What should you do? You've been working hard as a lawyer, as a flight attendant, as an office manager, but now you realize—and perhaps you realized it long ago—that the job is depleting you. It's draining you, and turning you into a lesser version of yourself. But for any number of reasons, you feel you can't quit. Maybe the benefits are so good that you're golden handcuffed in; or you think that after devoting yourself to a profession for so long it would be a waste to try to move onto a new profession; or you think that nobody will hire you in a new field because you lack the relevant experience. What should you do?
Here are some thoughts:
1. Don't assume that you're in the wrong job. Look before you leap. You might just have forgotten what drew you to the role in the first place. For one week, track your activities, noting the ones that make you feel strong and the ones that make you feel weak. At the end of the week, pick two that create in you strong positive emotions. Relive those two moments. Feel again what you loved about the job in the beginning.
2. The clearest sign that you're in the wrong career is if you cannot imagine a future in it. If you've looked hard at the activities that strengthen you and know deep in your heart that there's no way for those strengthening feelings to be recreated and no way to push your job gradually toward creating more and more of them each week, then it's time to act: Make the decision in your mind and plan your exit strategy. Don't dance around it. Don't second-guess it. Accept it. You know that your job does not and will never call upon the best of you. Nothing can compensate for this. No amount of money. No benefits. No amount of time invested. Nothing.
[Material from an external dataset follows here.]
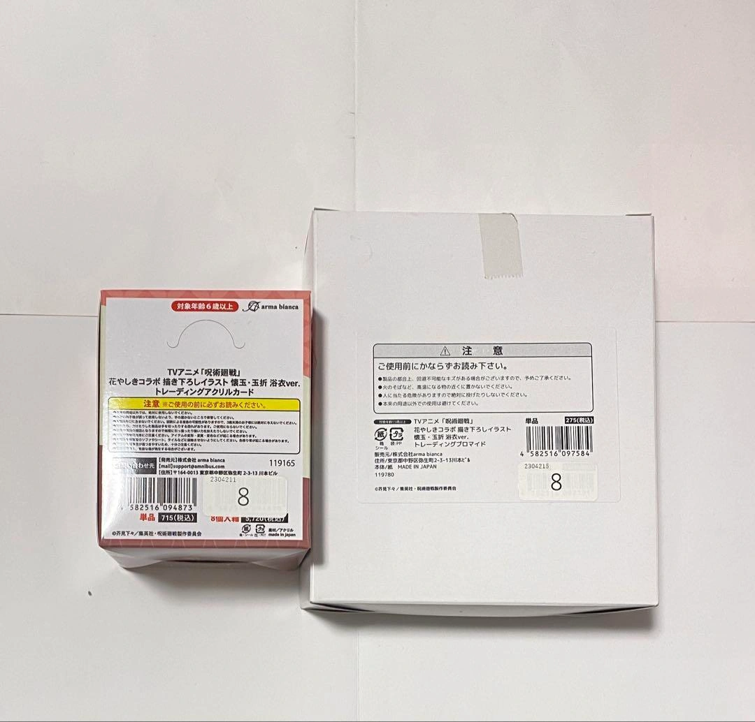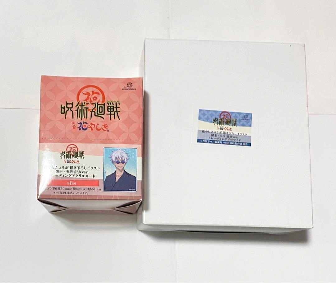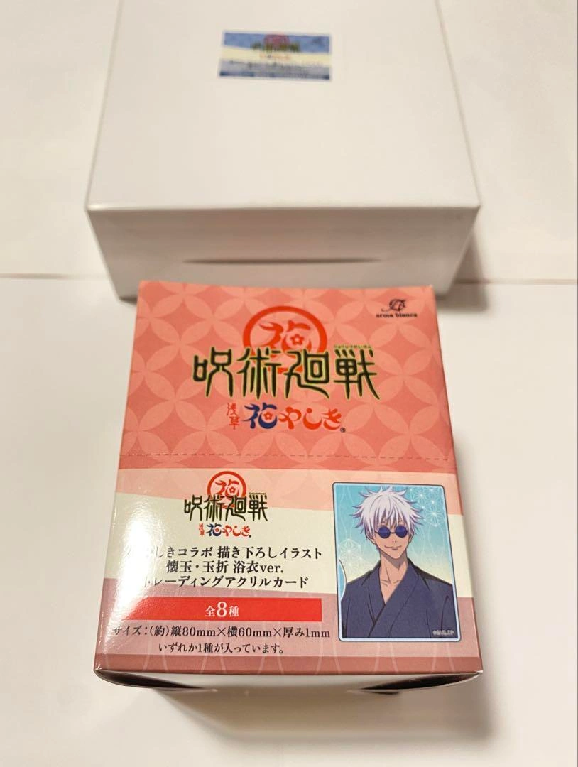 呪術廻戦 浅草花やしきコラボ 懐玉・玉折 浴衣ver. トレーディングブロマイドとトレーディングアクリルカードのBOX、各1箱ずつです。 アクリルカードは箱の寸法が大きいため、箱から出して発送させて頂きます。 未使用ではありますが、中身確認・撮影などで触れることがあります。素人保管のため神経質な方はご購入をお控えください。 ご希望の方はお気軽にご連絡ください。

3. Start by focusing on your interests. What magazines do you read? What articles are you drawn to in those magazines? What kind of people do you find yourself hanging around with? Pick two interests or subject areas that always intrigue you and research them. Study the life that you want to live.
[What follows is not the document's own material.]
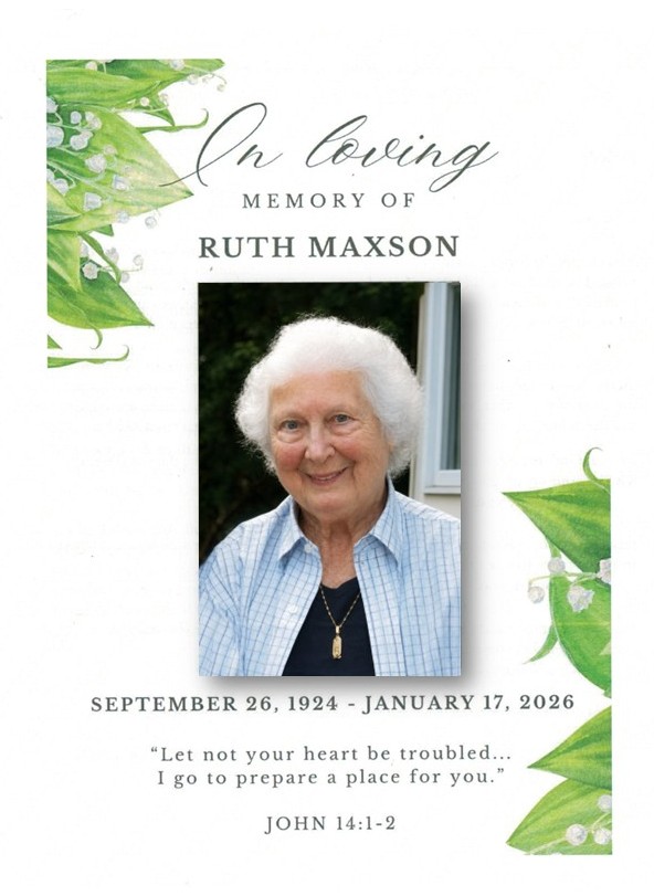 January 17, 2026 my Mom passed away at the age of 101. Below are links to her obituary on Legacy.com, the program from her memorial service, and a link to a YouTube video that includes a 15 minute slideshow, a short tribute slideshow with piano accompanyment written and performed by Mom’s daughter-in-law Leona Francombe, and the full memorial service.

Use your strengths to build a bridge in a new direction
4. Build a bridge. You may not be able to dump your job immediately—you need the money, the benefits, etc.—but you can start yourself moving in the right direction. Find things you can do that won't take up much time but will start to give you the knowledge and experience you'll need to move your life toward your strengths. Do what Ayesha, a participant in the Oprah workshop, did. She knew that her role as a senior-level validation engineer was depleting her and she was fascinated with writing for the Web. She didn't just quit her current responsibilities to pursue her dream. Instead, Ayesha started a blog and called up a family friend who hooked her up with some training that could help her build a bridge between her current role and the life she really wanted.
There's no reason that change has to be a sudden, wrenching upheaval. That said, if your current situation is causing psychological suffering: Get out now.
5. Get specific. Specificity is the antidote to anxiety—not just your own, but the anxiety of those who may have reservations about hiring someone who is switching careers. In job interviews, the interviewer is frightened she will make the wrong decision. That's why she pays such close attention to people's résumés: It gives her something to hold onto, something to calm her fear that she'll make a bad hire. If your résumé doesn't include the experiences that she is looking for, compensate by getting very specific on what your strengths are and why they are drawing you toward this new line of work.
Switching careers isn't simply about moving away from what you no longer love; it's about moving toward your passion. Convey that passion in vivid, specific detail by describing your strengths. Write a cover letter that uses phrases such as "I am at my best when…" and then goes on to describe a very specific activity that strengthens you, and then write down why you know—KNOW, not think, KNOW—that this strength will help you make a great contribution in this new role.
And, if you get the interview, be ready with two or three specific examples of this strength in action and how you think it will help. Practice saying the examples out loud to a friend or a spouse. Use your own certainty to address any uncertainty an interviewer may have.
Start the journey to a new career now
6. Start the journey now. You can't be a novelist overnight, but two pages a day will give you a book in a year. If you feel like you're in a predicament, remember that it took a while to get into it; it may take you a while to get out of it. But start now. Commit to taking at least one action each week to move your life, gradually, one person, one bridge at a time toward the life you want. Keep a progress log. When you hit an obstacle, pull out your log and refer to it. Hang on to the small wins you've had. They are fuel for your fire.
Often, the biggest challenge is simply in admitting that you need to make a change. Fear of the unknown is natural, but you may be surprised to see how just stating your intention and then taking action can begin to open things up before you. Remember, what you focus on expands; results follow focus. Focus on what "working" will look like—not on the what-ifs. Take things slowly, build momentum and see what happens. Keep your awareness high. Taking smaller intentional steps instead of big, drastic ones will help you overcome your fear—and as you see more results, you will build even more courage to move forward.